───── The input ─────

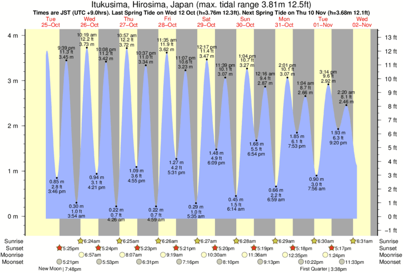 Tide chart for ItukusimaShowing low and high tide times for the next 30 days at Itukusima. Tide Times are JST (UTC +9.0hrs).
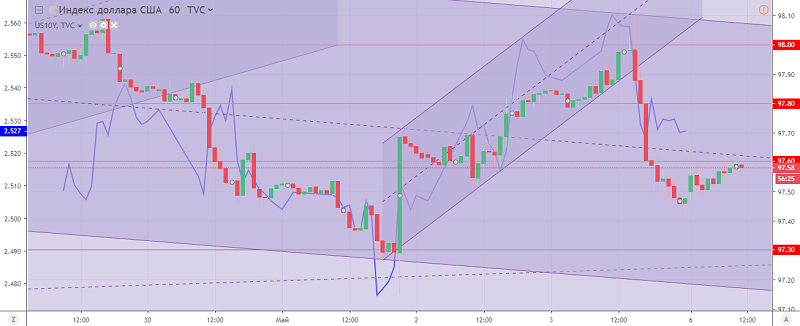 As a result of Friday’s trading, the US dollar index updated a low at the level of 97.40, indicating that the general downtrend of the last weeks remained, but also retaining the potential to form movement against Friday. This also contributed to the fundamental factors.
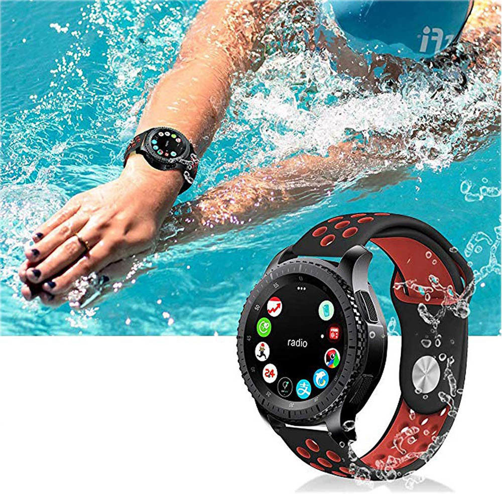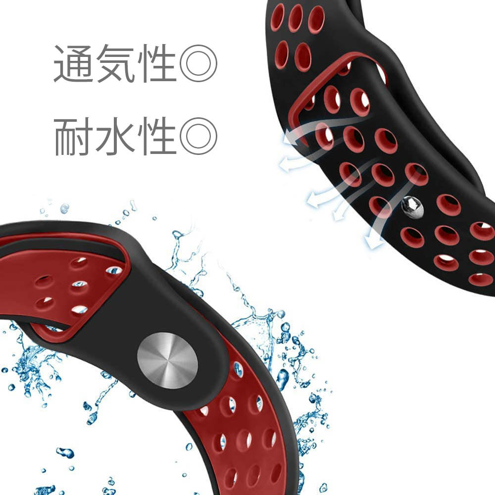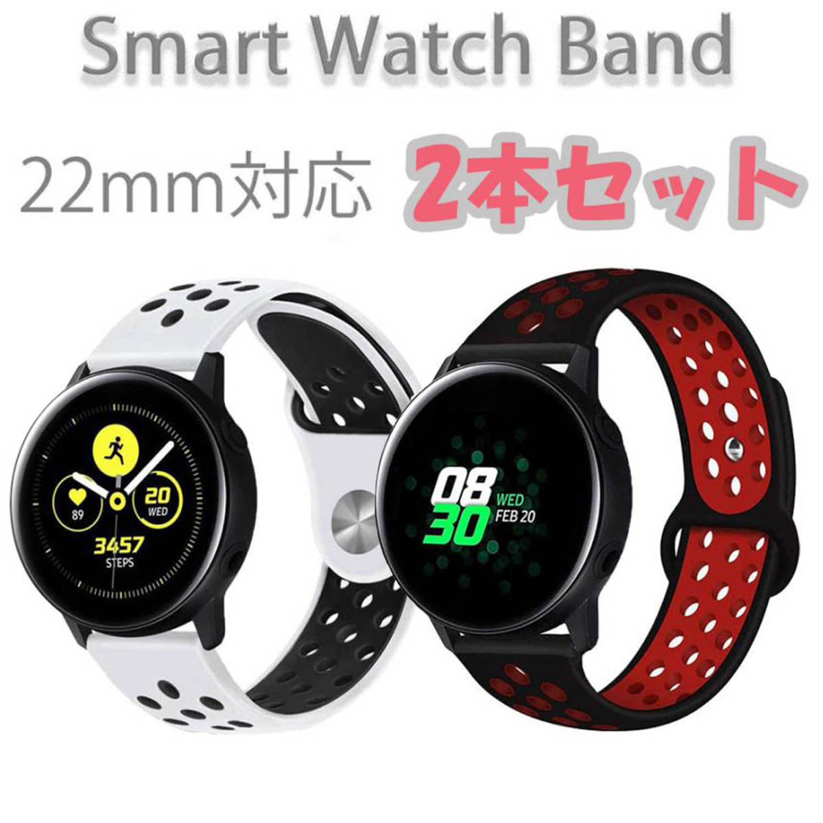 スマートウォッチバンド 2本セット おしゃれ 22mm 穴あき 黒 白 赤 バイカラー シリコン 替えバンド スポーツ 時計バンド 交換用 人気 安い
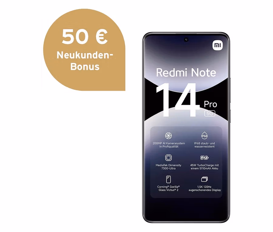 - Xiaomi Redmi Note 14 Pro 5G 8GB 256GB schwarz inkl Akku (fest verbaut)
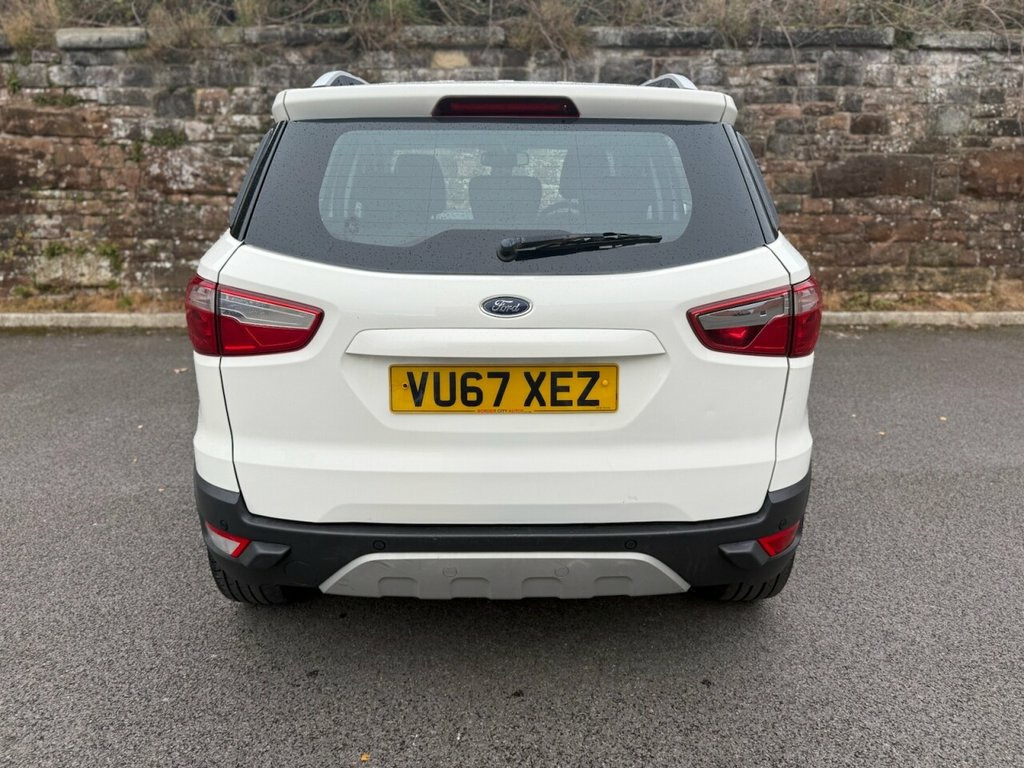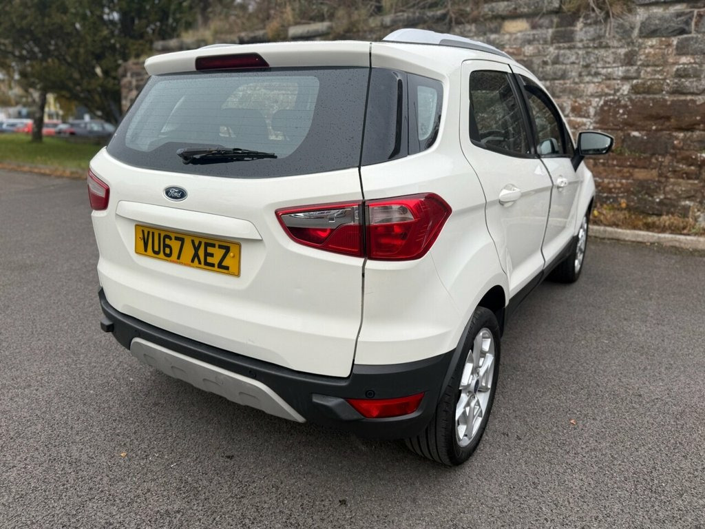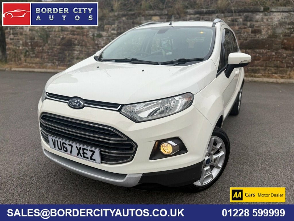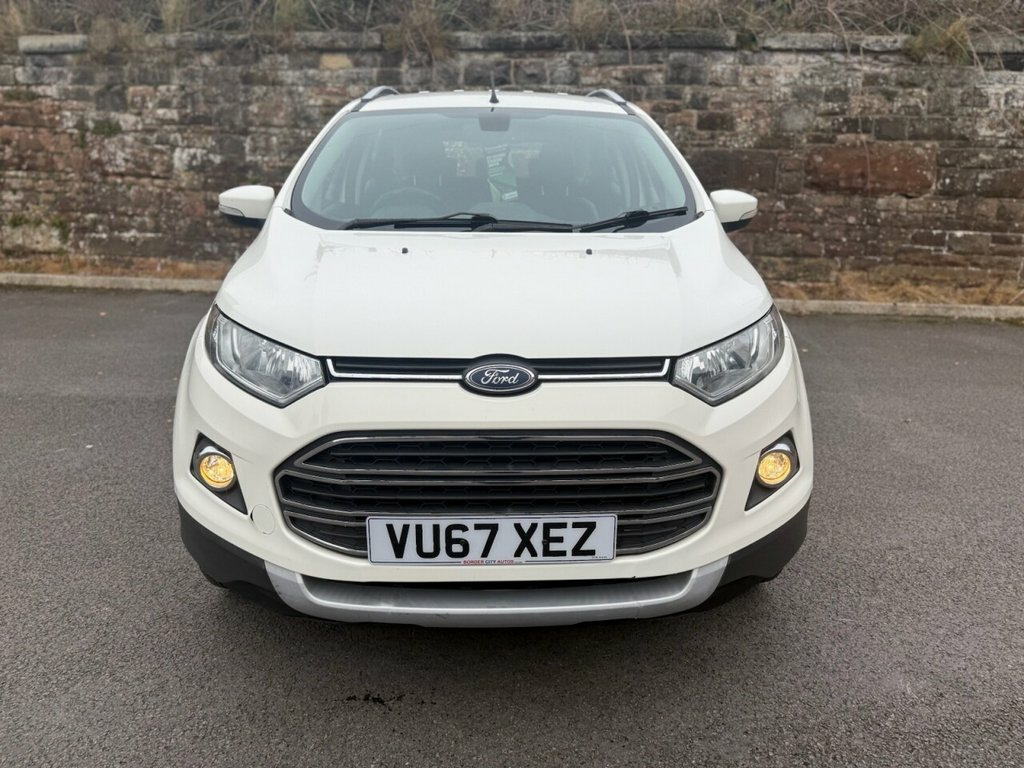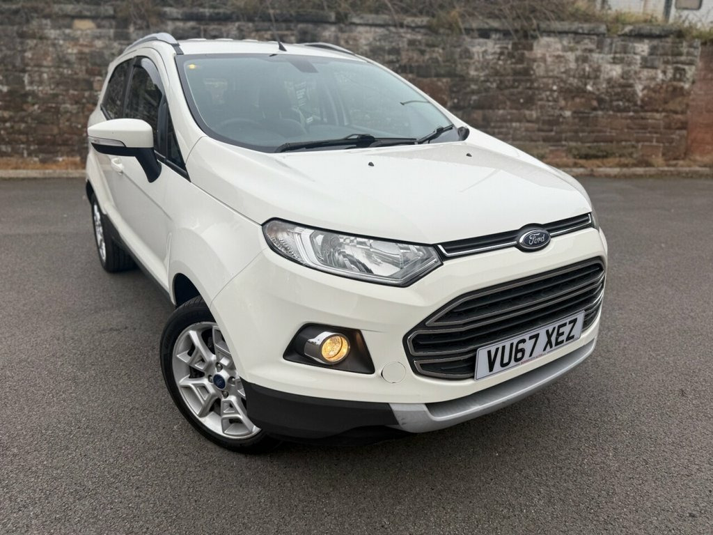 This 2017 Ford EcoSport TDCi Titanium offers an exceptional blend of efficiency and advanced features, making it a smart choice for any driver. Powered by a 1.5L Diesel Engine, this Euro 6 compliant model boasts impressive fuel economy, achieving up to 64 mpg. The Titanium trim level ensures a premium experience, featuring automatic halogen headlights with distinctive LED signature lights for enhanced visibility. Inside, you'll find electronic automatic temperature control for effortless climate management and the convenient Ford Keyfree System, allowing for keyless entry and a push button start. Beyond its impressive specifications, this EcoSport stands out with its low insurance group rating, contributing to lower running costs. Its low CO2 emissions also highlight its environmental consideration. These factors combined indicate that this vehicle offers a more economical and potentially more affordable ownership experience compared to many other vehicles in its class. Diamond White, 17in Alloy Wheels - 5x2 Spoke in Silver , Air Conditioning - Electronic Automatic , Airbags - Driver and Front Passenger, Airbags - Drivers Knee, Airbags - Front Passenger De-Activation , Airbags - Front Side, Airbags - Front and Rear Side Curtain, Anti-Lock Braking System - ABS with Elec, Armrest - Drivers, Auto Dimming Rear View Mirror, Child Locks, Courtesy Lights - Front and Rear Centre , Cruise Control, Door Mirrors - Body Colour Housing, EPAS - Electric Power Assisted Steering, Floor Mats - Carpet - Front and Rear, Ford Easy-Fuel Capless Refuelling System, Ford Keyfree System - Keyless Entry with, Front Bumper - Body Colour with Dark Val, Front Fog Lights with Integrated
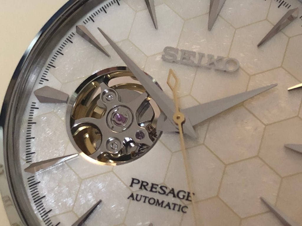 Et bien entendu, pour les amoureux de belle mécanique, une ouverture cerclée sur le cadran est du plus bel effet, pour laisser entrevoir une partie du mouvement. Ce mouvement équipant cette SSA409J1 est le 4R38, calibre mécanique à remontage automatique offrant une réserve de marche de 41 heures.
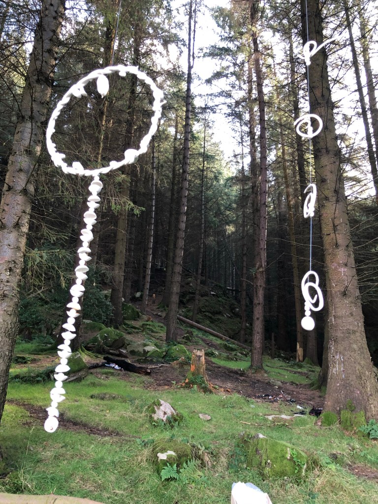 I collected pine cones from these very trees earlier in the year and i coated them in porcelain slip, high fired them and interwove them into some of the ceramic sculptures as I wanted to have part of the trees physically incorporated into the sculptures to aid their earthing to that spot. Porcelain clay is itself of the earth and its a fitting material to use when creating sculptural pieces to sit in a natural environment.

─────

▶ **Required work**
Only the lines from the line with "Et bien entendu, pour" through the end of the records belong in your copy. Repeat them exactly, without pictures.

▶ **Task answer**
 Et bien entendu, pour les amoureux de belle mécanique, une ouverture cerclée sur le cadran est du plus bel effet, pour laisser entrevoir une partie du mouvement. Ce mouvement équipant cette SSA409J1 est le 4R38, calibre mécanique à remontage automatique offrant une réserve de marche de 41 heures.
 I collected pine cones from these very trees earlier in the year and i coated them in porcelain slip, high fired them and interwove them into some of the ceramic sculptures as I wanted to have part of the trees physically incorporated into the sculptures to aid their earthing to that spot. Porcelain clay is itself of the earth and its a fitting material to use when creating sculptural pieces to sit in a natural environment.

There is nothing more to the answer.